[WHAT YOU SHOULD DO]
What you return should be the lines from the one with "Ấm sứ Thanh Hoa quai xách đồng vàng GL790k" through the one with "通过上述应用详情找到了请求慢" in the data below, reproduced exactly with both ends, and no pictures at all.

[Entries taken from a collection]
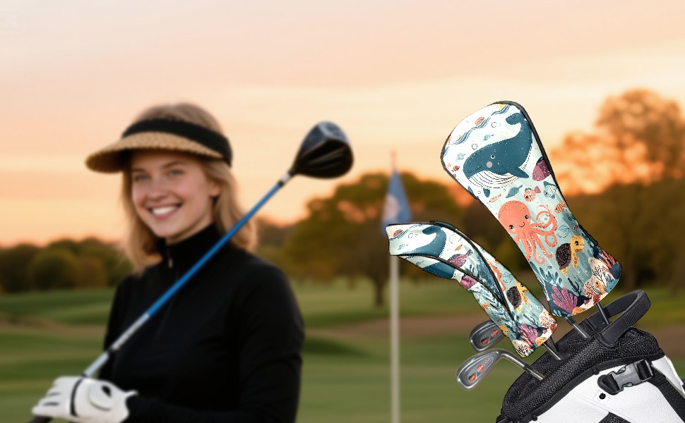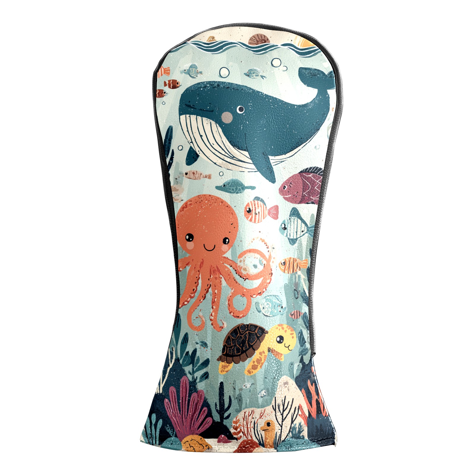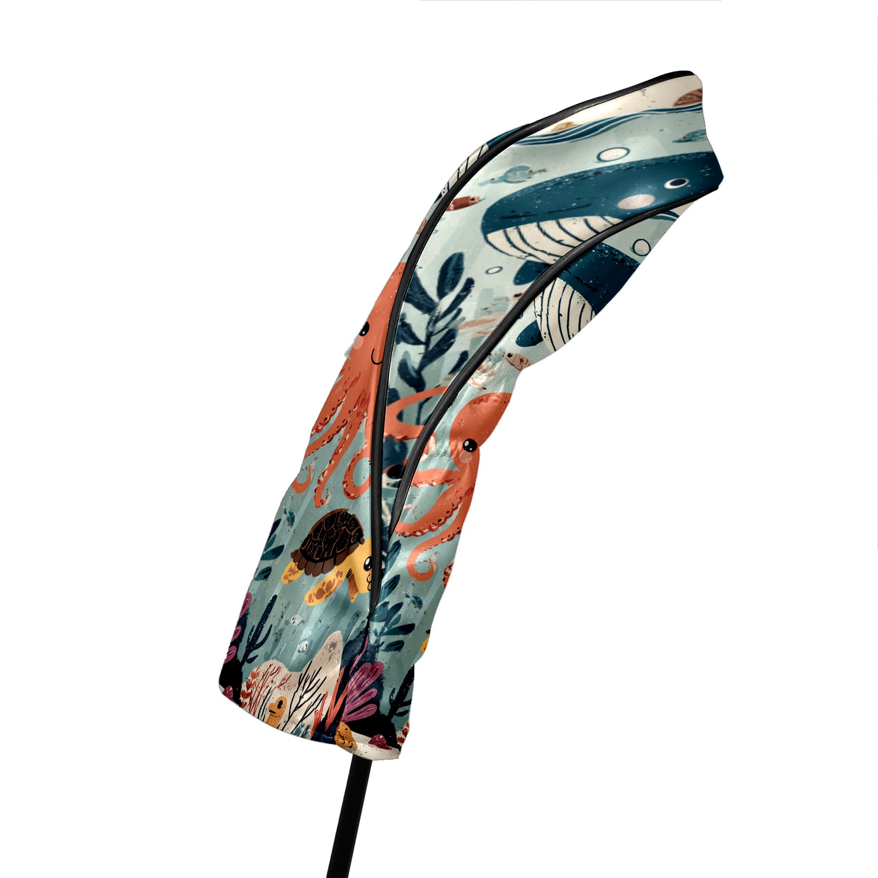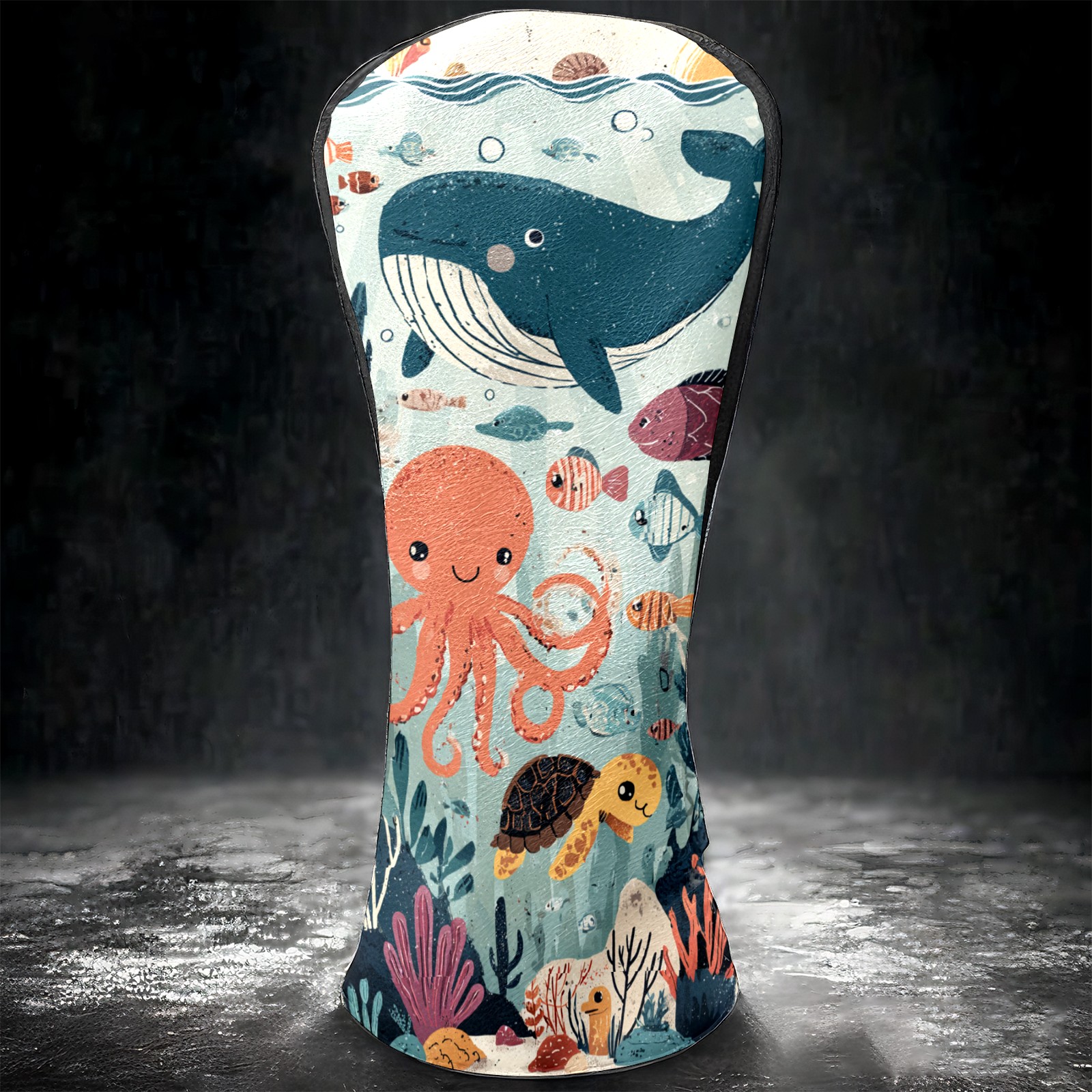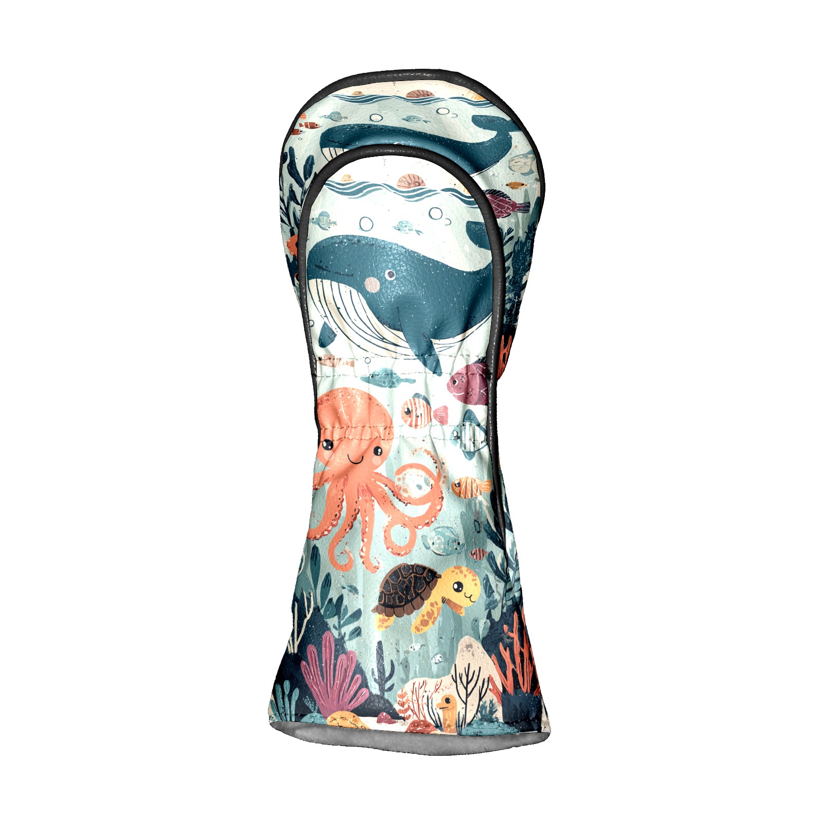 Golf Club Head Covers Blue Ocean Whale Octopus Design for Driver & Hybrid, Waterproof PU Leather with Plush Velvet Lining, Scratch Protection & Secure Fit, Ideal Golf Gift for Men Women
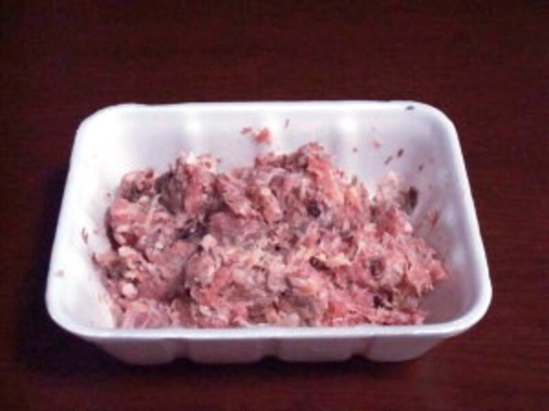3.鶏ひき肉、鯖缶(骨を取り除いてほぐしたもの)を良く混ぜる。
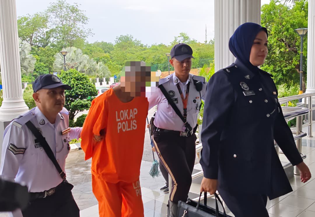Terdahulu, suspek yang memakai baju lokap berwarna ungu tiba di pekarangan mahkamah kira-kira pukul 9 pagi dengan menaiki kenderaan polis.
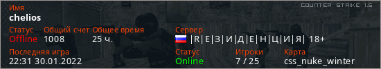 Играет на Counter Strike 1.6 сервере. Страна: РоссияПервый раз замечен 19:33 14.01.2022
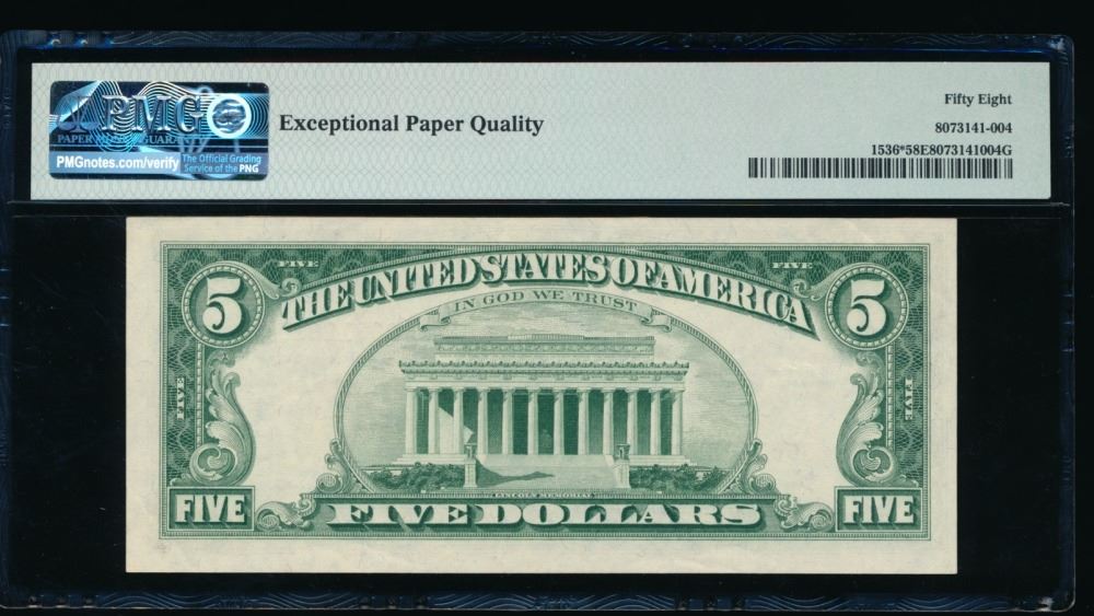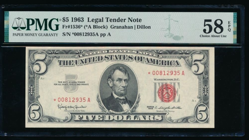 One 1963 $5 STAR Legal Tender Note PMG 58EPQ.
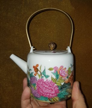 Ấm sứ Thanh Hoa quai xách đồng vàng GL790k
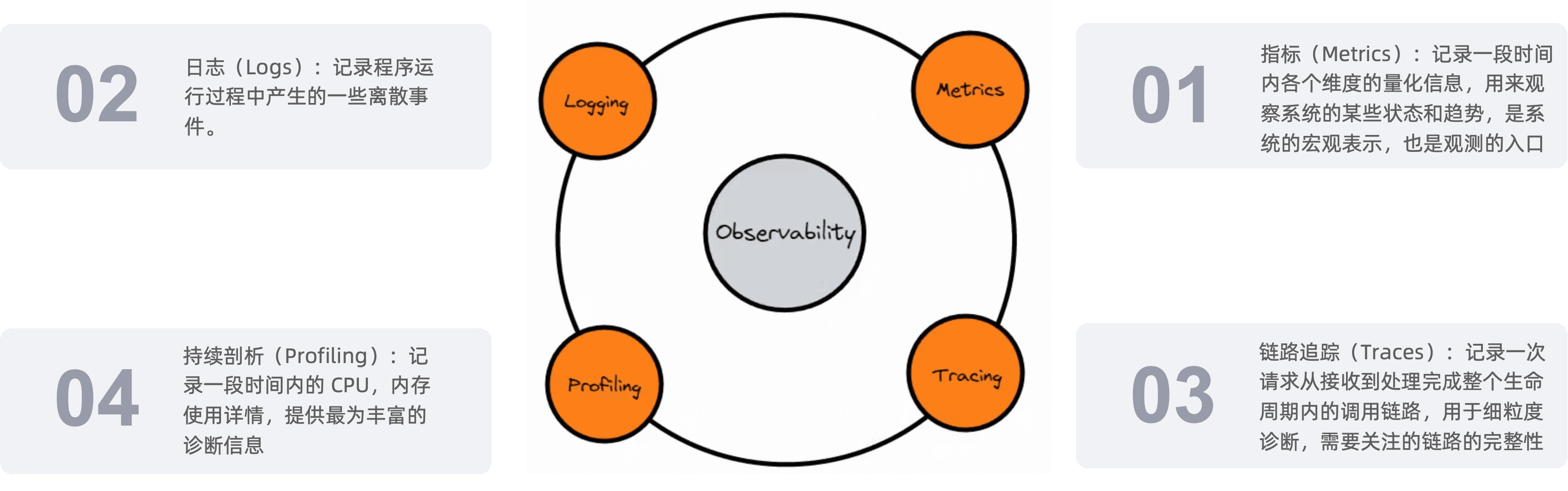 通过上述应用详情找到了请求慢的接口后,如何确认这时候的问题呢,我们可以通过应用诊断来发现问题,在应用监控中除了指标、链路、日志外,Profiling的数据成为了应用监控的四大支柱之一。
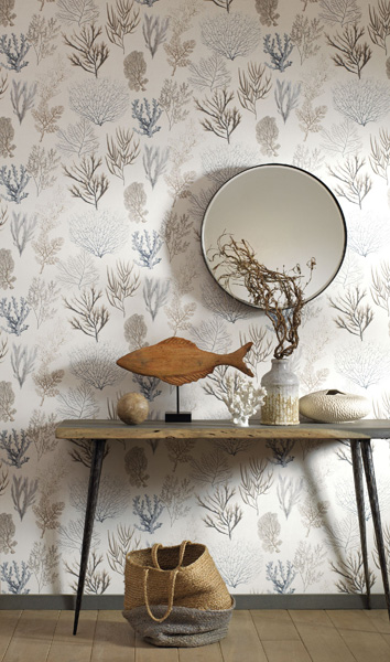 O desenho de algas e corais no papel promove uma decoração interior com suavidade e pode ser complementado com móveis rústicos de madeira, adornos com temas marinhos como vasos e conchas de cerâmica, escultura de peixe e adornos que estejam em sintonia com a estampa de corais marinhos.
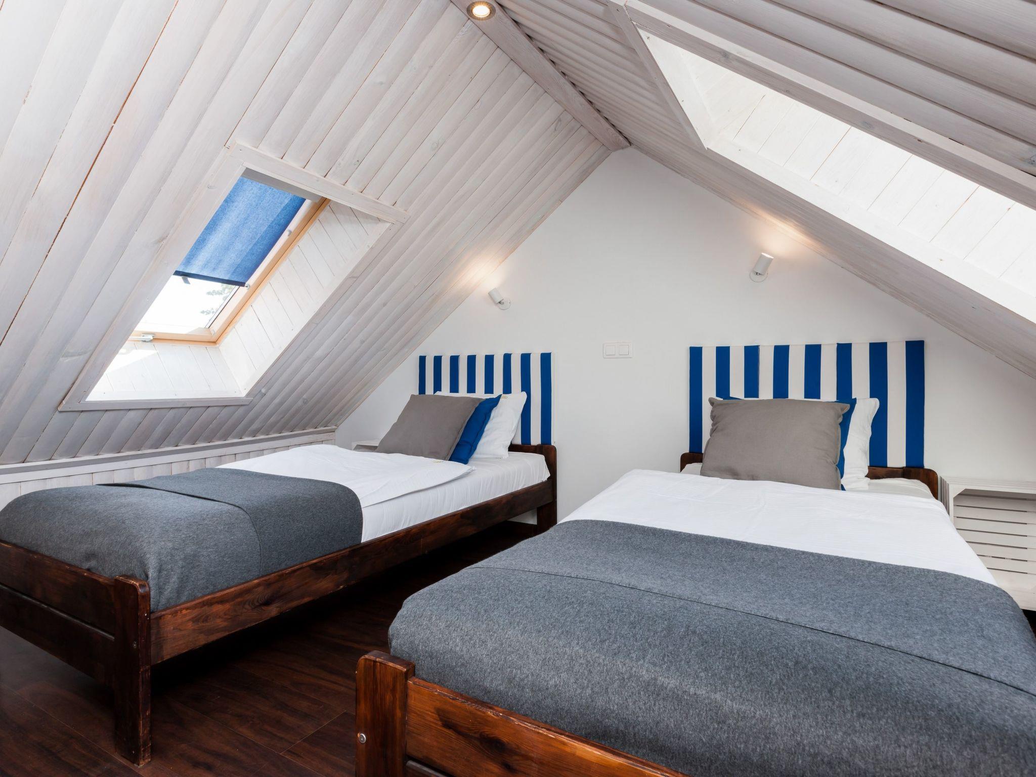 Our offer includes the Captain's Cottages, a novelty prepared with the most demanding customers in mind. Each of our terraced flats offers approximately 60 m² of living space, designed to provide comfortable relaxation for up to 6 people. On the ground floor there is a comfortable living room, a fully equipped kitchen with dining table and a bathroom, while on the first floor there is a spacious bedroom with a double bed . Another bedroom, located in the attic, is equipped with two single beds and provides a picturesque view of the sea.

[REPLY TO THE TASK]
 Ấm sứ Thanh Hoa quai xách đồng vàng GL790k
 通过上述应用详情找到了请求慢的接口后,如何确认这时候的问题呢,我们可以通过应用诊断来发现问题,在应用监控中除了指标、链路、日志外,Profiling的数据成为了应用监控的四大支柱之一。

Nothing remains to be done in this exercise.